[Data to process Boundary: Start]
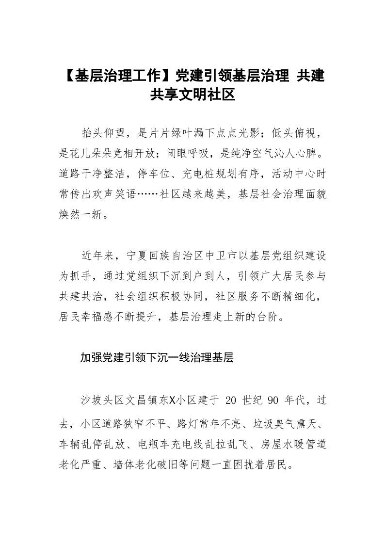 / 【基层治理工作】党建引领基层治理 共建共享文明社区
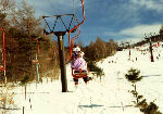 シングルリフトに乗る娘(小3)と息子(小1) |
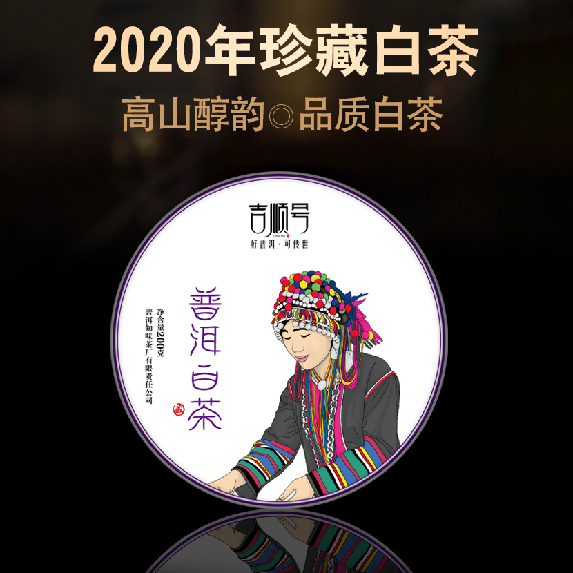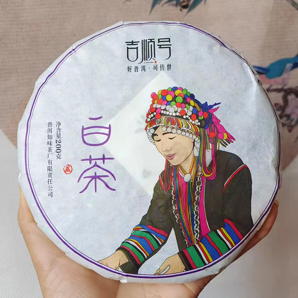 吉顺号大叶老白茶清甜鲜爽 2020年哈尼白茶-景迈古树生晒白茶饼200g
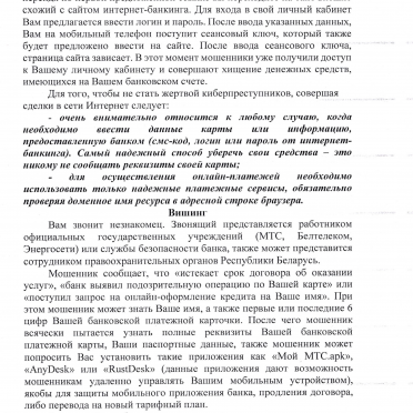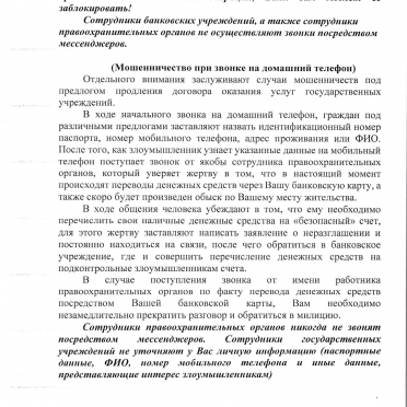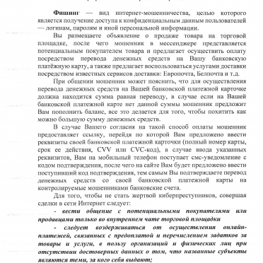 Информационные материалы об актуальных способах киберпреступлений и мошенничеств.
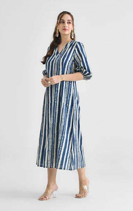 เดรสยาวผ้าคอตตอนพิมพ์ลายดอกไม้สำหรับผู้หญิงชุดเดรสคอวีทรงตรงสไตล์ลำลองไม่เหมือนใคร
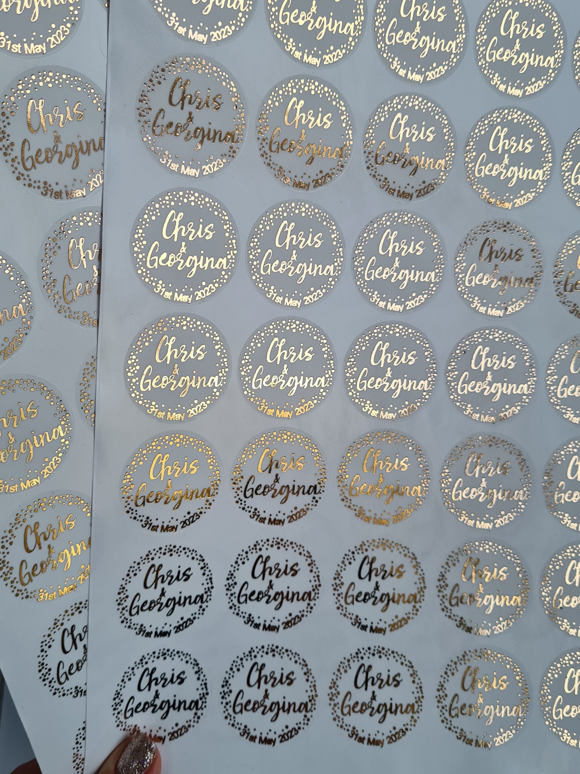Round foiled stickers – 37 mm. Available in White/Clear and Coloured Gloss or Frosted finish. Available in multiples of 35. Price will change based on your selections,
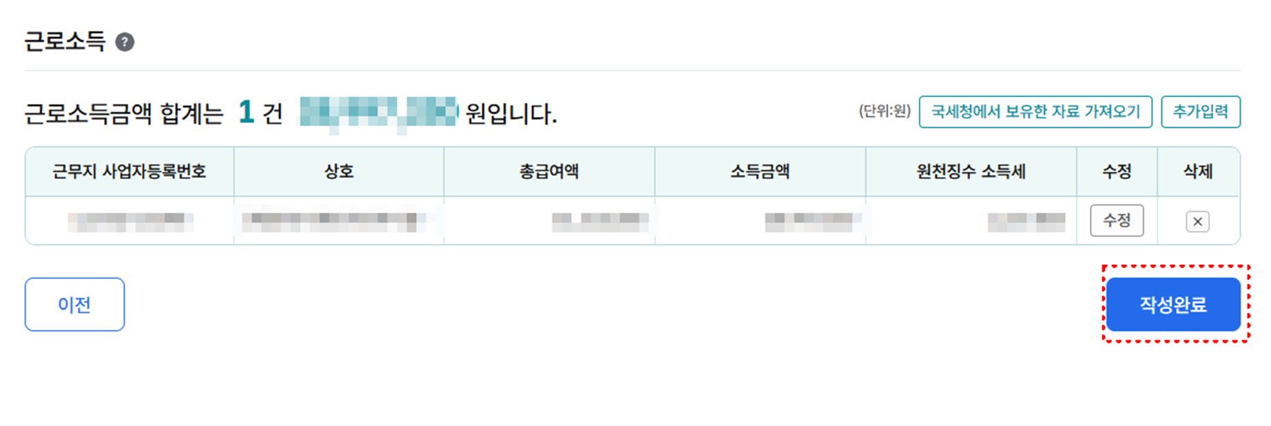 기납부세액은 자동으로 입력되어 있는지 확인 후 ‘작성완료’ 하면 됩니다.
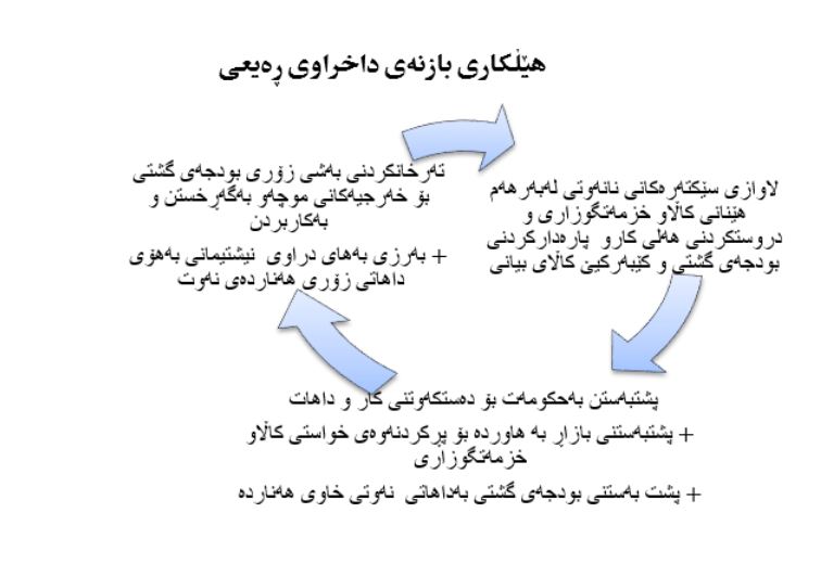 لهپاش 2003 ئهو كاتهی كه ههرێم سودمهند بو له بودجهی عێراق، دهمێك بو ئابوریی ههرێمهكه له ناو بازنهیهكی داخراوی ڕەیعیدا بو، كێشهی كهڵهكهبوهكانی دهیان ساڵی بۆ مابوهوه، سێكتهره ئابوریهكان و كهرتی تایبهت و بازاڕ لهبهرامبهر زیادبونی ژمارهی دانیشتوان و خستنهڕوی هێزی كار و خواستی ڕولهههڵكشاو بۆ كاڵاو خزمهتگوزاری لاوازو دهستهوسان بون، تاكهكان بۆ بهدهستهێنانی سهرچاوهی داهات و دهرفهتی كار پشتیان بهحكومهت و هێزه سیاسیهكان دهبهست، كۆمهڵگهیش بۆ تهواوی خزمهتگوزاریه گشتیهكان بهههمان شێوه ههر پشتی بهحكومهت دهبهست، ئیدی لهو كاتهوه تا ئێستا بۆ وهڵامدانهوهی ئهو دۆخه زۆرینهی داهاتهكانی حكومهت بۆ موچه و دامهزراندن و بهگهڕخستنی هێزی كار و دابینكردنی خزمهتگوزرای و خهرجیهكانی بهكاربردن ئاراسته دهكرێن، ئهوهیش هۆكاره بۆ زیادبونی خواستی گشتی بۆ كاڵاو خزمهتگوزاری كه بههۆی لاوازیی سێكتهرهكانی بهرههم هێنانهوه دهبێت ئهو خواسته لهڕێگهی هاوردهكردنهوه پڕبكرێتهوه. ئهمه سوڕی ئابوری بهردهوامی ناو بازنهی داخراوی ڕەیعیه له ههرێم.
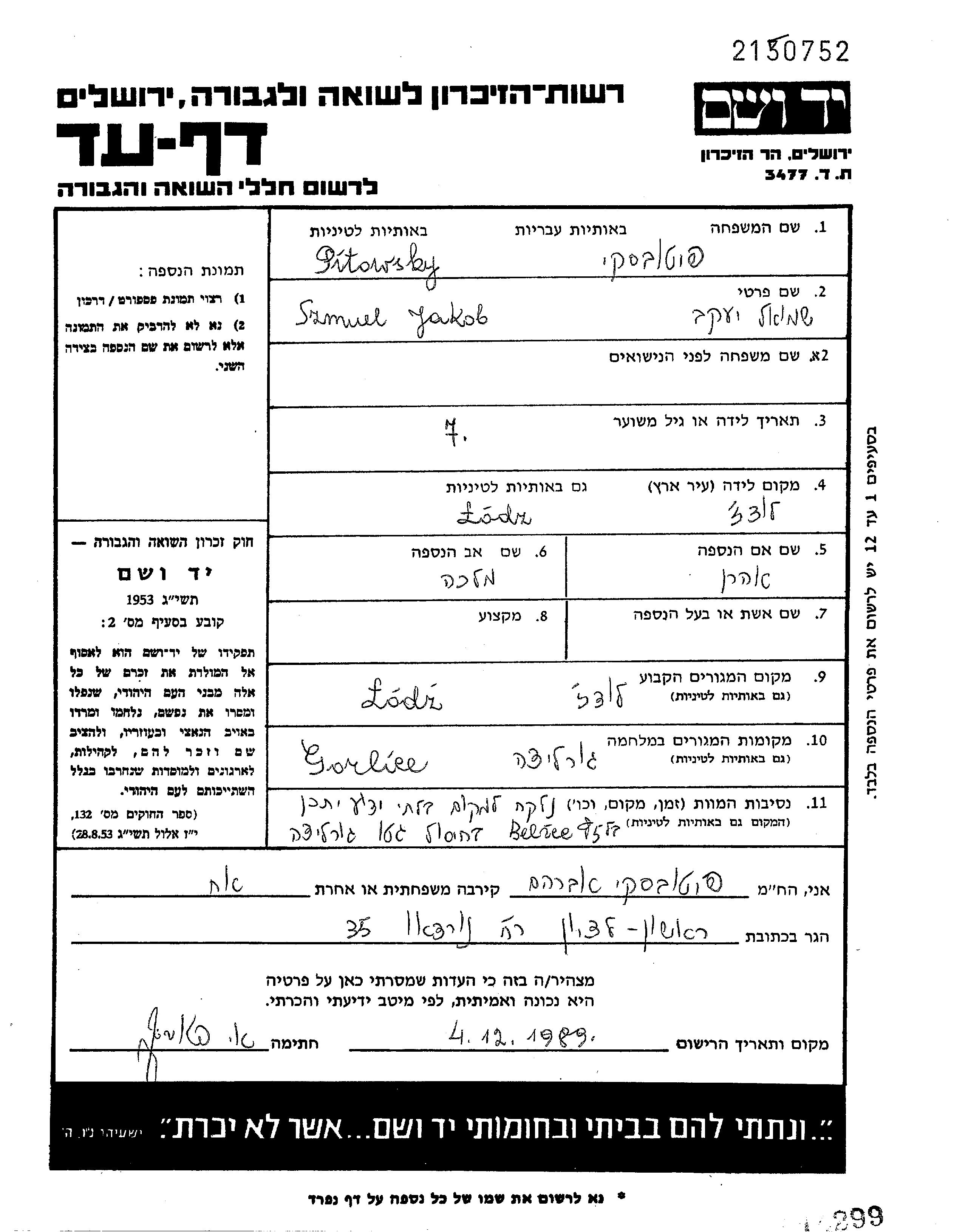 Pitowsky Szmuel Yakob Lodz, פולין דף-עד
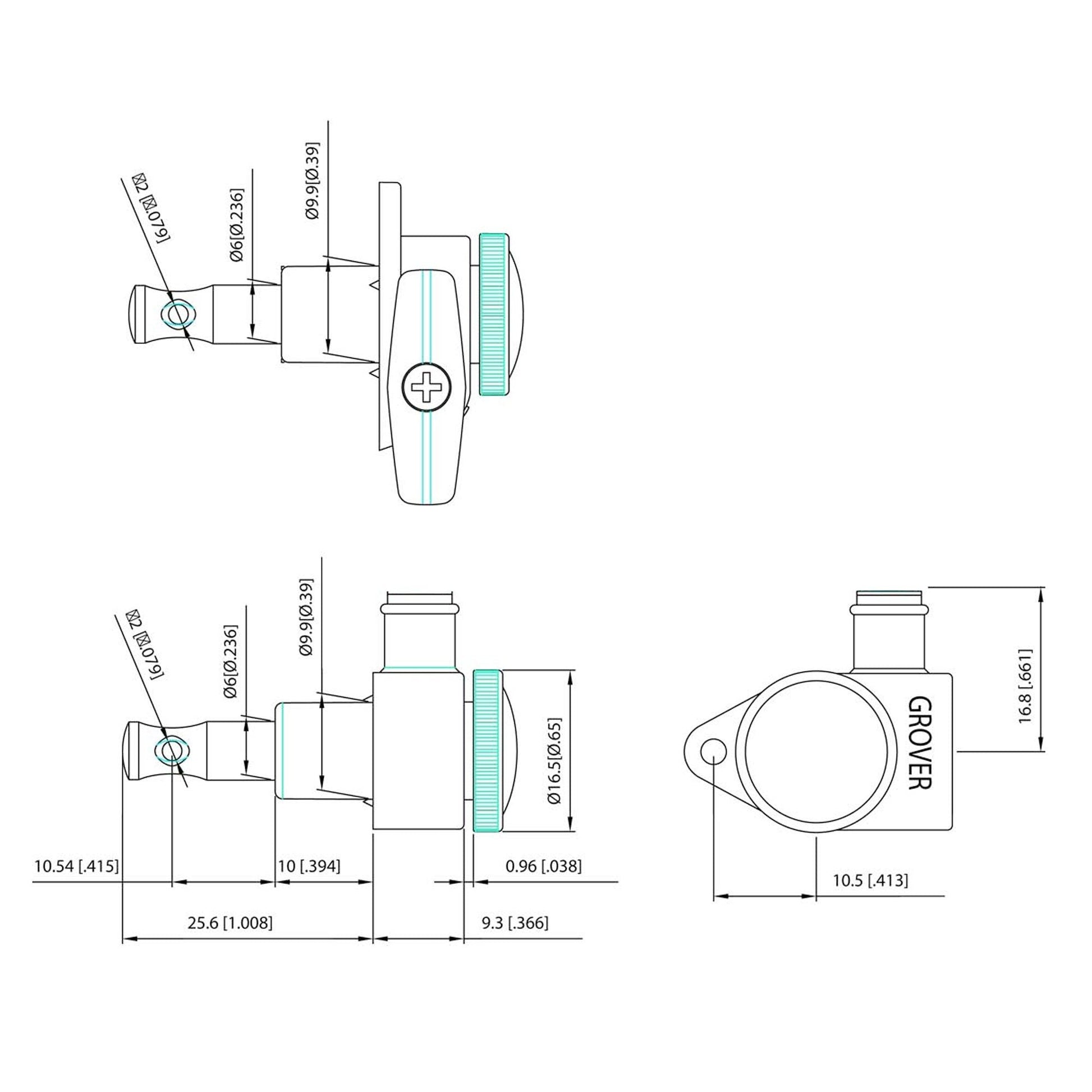 These locking machine heads utilize the famous 18:1 Rotomatic® design with a “thumb screw” mechanism which locks the string into place. Insert the string through the post hole, wrap around once, then lock by tightening with the thumb screw. Perfect replacement for the most standard machine heads. Includes all mounting hardware.
[Data to process Boundary: End]
Without the pictures, repeat every line of the material above exactly.

Answer space:
 / 【基层治理工作】党建引领基层治理 共建共享文明社区
 シングルリフトに乗る娘(小3)と息子(小1) |
 吉顺号大叶老白茶清甜鲜爽 2020年哈尼白茶-景迈古树生晒白茶饼200g
 Информационные материалы об актуальных способах киберпреступлений и мошенничеств.
 เดรสยาวผ้าคอตตอนพิมพ์ลายดอกไม้สำหรับผู้หญิงชุดเดรสคอวีทรงตรงสไตล์ลำลองไม่เหมือนใคร
Round foiled stickers – 37 mm. Available in White/Clear and Coloured Gloss or Frosted finish. Available in multiples of 35. Price will change based on your selections,
 기납부세액은 자동으로 입력되어 있는지 확인 후 ‘작성완료’ 하면 됩니다.
 لهپاش 2003 ئهو كاتهی كه ههرێم سودمهند بو له بودجهی عێراق، دهمێك بو ئابوریی ههرێمهكه له ناو بازنهیهكی داخراوی ڕەیعیدا بو، كێشهی كهڵهكهبوهكانی دهیان ساڵی بۆ مابوهوه، سێكتهره ئابوریهكان و كهرتی تایبهت و بازاڕ لهبهرامبهر زیادبونی ژمارهی دانیشتوان و خستنهڕوی هێزی كار و خواستی ڕولهههڵكشاو بۆ كاڵاو خزمهتگوزاری لاوازو دهستهوسان بون، تاكهكان بۆ بهدهستهێنانی سهرچاوهی داهات و دهرفهتی كار پشتیان بهحكومهت و هێزه سیاسیهكان دهبهست، كۆمهڵگهیش بۆ تهواوی خزمهتگوزاریه گشتیهكان بهههمان شێوه ههر پشتی بهحكومهت دهبهست، ئیدی لهو كاتهوه تا ئێستا بۆ وهڵامدانهوهی ئهو دۆخه زۆرینهی داهاتهكانی حكومهت بۆ موچه و دامهزراندن و بهگهڕخستنی هێزی كار و دابینكردنی خزمهتگوزرای و خهرجیهكانی بهكاربردن ئاراسته دهكرێن، ئهوهیش هۆكاره بۆ زیادبونی خواستی گشتی بۆ كاڵاو خزمهتگوزاری كه بههۆی لاوازیی سێكتهرهكانی بهرههم هێنانهوه دهبێت ئهو خواسته لهڕێگهی هاوردهكردنهوه پڕبكرێتهوه. ئهمه سوڕی ئابوری بهردهوامی ناو بازنهی داخراوی ڕەیعیه له ههرێم.
 Pitowsky Szmuel Yakob Lodz, פולין דף-עד
 These locking machine heads utilize the famous 18:1 Rotomatic® design with a “thumb screw” mechanism which locks the string into place. Insert the string through the post hole, wrap around once, then lock by tightening with the thumb screw. Perfect replacement for the most standard machine heads. Includes all mounting hardware.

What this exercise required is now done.